Investor Essentials Daily

Has this critical sector lost its magic, or is this an opportunity to buy in at a discount?

July 22, 2022

For investors chasing strong returns, communication service companies have been the poster child for the last decade. As the world has gone more digital, subscription models and advertising have become the strategies of the future.

As many communications companies have become sluggish, end-markets have become saturated, and data regulation more prominent, the entire sector has been beaten up recently.

For the ones who think about investing now in communications services companies to take advantage of the recent volatility, the SPDR Communications Services Fund (XLC) is a popular way of gaining exposure to the whole industry.

That is why we are going to take a closer look to see how the SPDR Communications Services Fund and the sector by proxy have been holding up through Uniform Accounting lenses.

In addition to examining the portfolio, we’re including a deeper look into the fund’s largest current holding, providing you with the current Uniform Accounting Performance and Valuation Tearsheet for that company.

Also below, a detailed Uniform Accounting tearsheet of the fund’s largest holding.

Investor Essentials Daily:
Friday Uniform Portfolio Analytics
Powered by Valens Research

The rise of digitalization is one of the most important milestones in the last 20 years.

Even at the most basic level, the way we spend time, order food or groceries, and watch our favorite series has totally changed.

We can access whatever we want with the click of a finger.

Thanks to the democratization of information, we often forget about the infrastructure and services that enable us to live so comfortably.

By providing the necessary connection to the internet and cellular line, and the essential services for our smartphones, laptops, and other devices, communication services companies are in a crucial position around the globe.

But the fact that they have become huge, and the supply and demand balance has been reached, they have started to be beaten by the market.

With the recent volatility, the communication services sector lost more than 25% year to date, much worse than the S&P 500 which is only down 16%.

And if we go back in time for around 4 years, to the inception of The SPDR Communications Services Fund, the sector has now only appreciated 15%, which is almost 5 times lower than what an S&P 500 index fund gained.

For many value-minded investors, this would appear to be an opportunity to invest in one of the most essential industries in the world at a discount.

Let’s see how The SPDR Communications Services Fund has been performing and if it is a compelling name for investors.

Economic productivity is massively misunderstood on Wall Street. This is reflected by the 130+ distortions in the Generally Accepted Accounting Principles (GAAP) that make as-reported results poor representations of real economic productivity.

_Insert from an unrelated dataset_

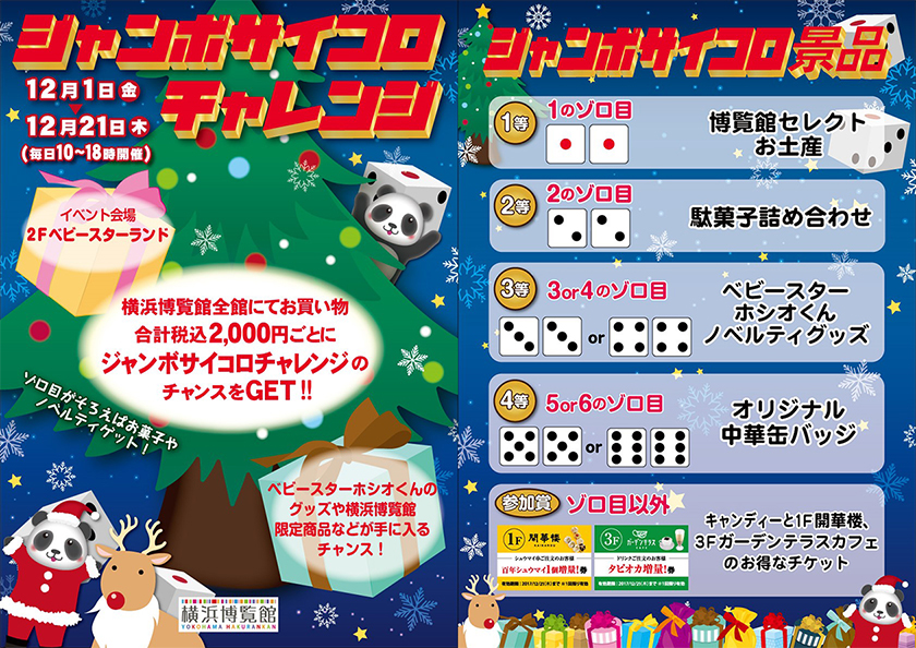 横浜博覧館全館でお買物合計税込2,000円ごとにジャンボサイコロチャレンジの

These distortions include the poor capitalization of R&D, the use of goodwill and intangibles to inflate a company’s asset base, a poor understanding of one-off expense line items, as well as flawed acquisition accounting.

It is no surprise that once many of these distortions are accounted for, it becomes apparent which companies are in real robust profitability and which may not be as strong of an investment.

Just as one would expect, there is still merit to investing in companies that combine the power of finance and technology, as the Uniform returns are much stronger than the as-reported metrics dictate.

See for yourself below.

Using as-reported accounting, investors would think investing in one of the most important sectors in the world is not that profitable.

On an as-reported basis, many of these companies are poor performers in terms of profitability and operating with an average as-reported ROA of just 10% which is close to the corporate averages in the United States.

However, once we make Uniform Accounting (UAFRS) adjustments to accurately calculate earning power, we can see that the returns of the companies in The SPDR Communications Services Fund are much more robust.

The average company in the portfolio displays an average Uniform ROA of 33%, which is much higher than corporate average returns.

Once the distortions from as-reported accounting are removed, we can realize that Activision Blizzard (ATVI) doesn’t have an ROA of 9%, but returns of 48%.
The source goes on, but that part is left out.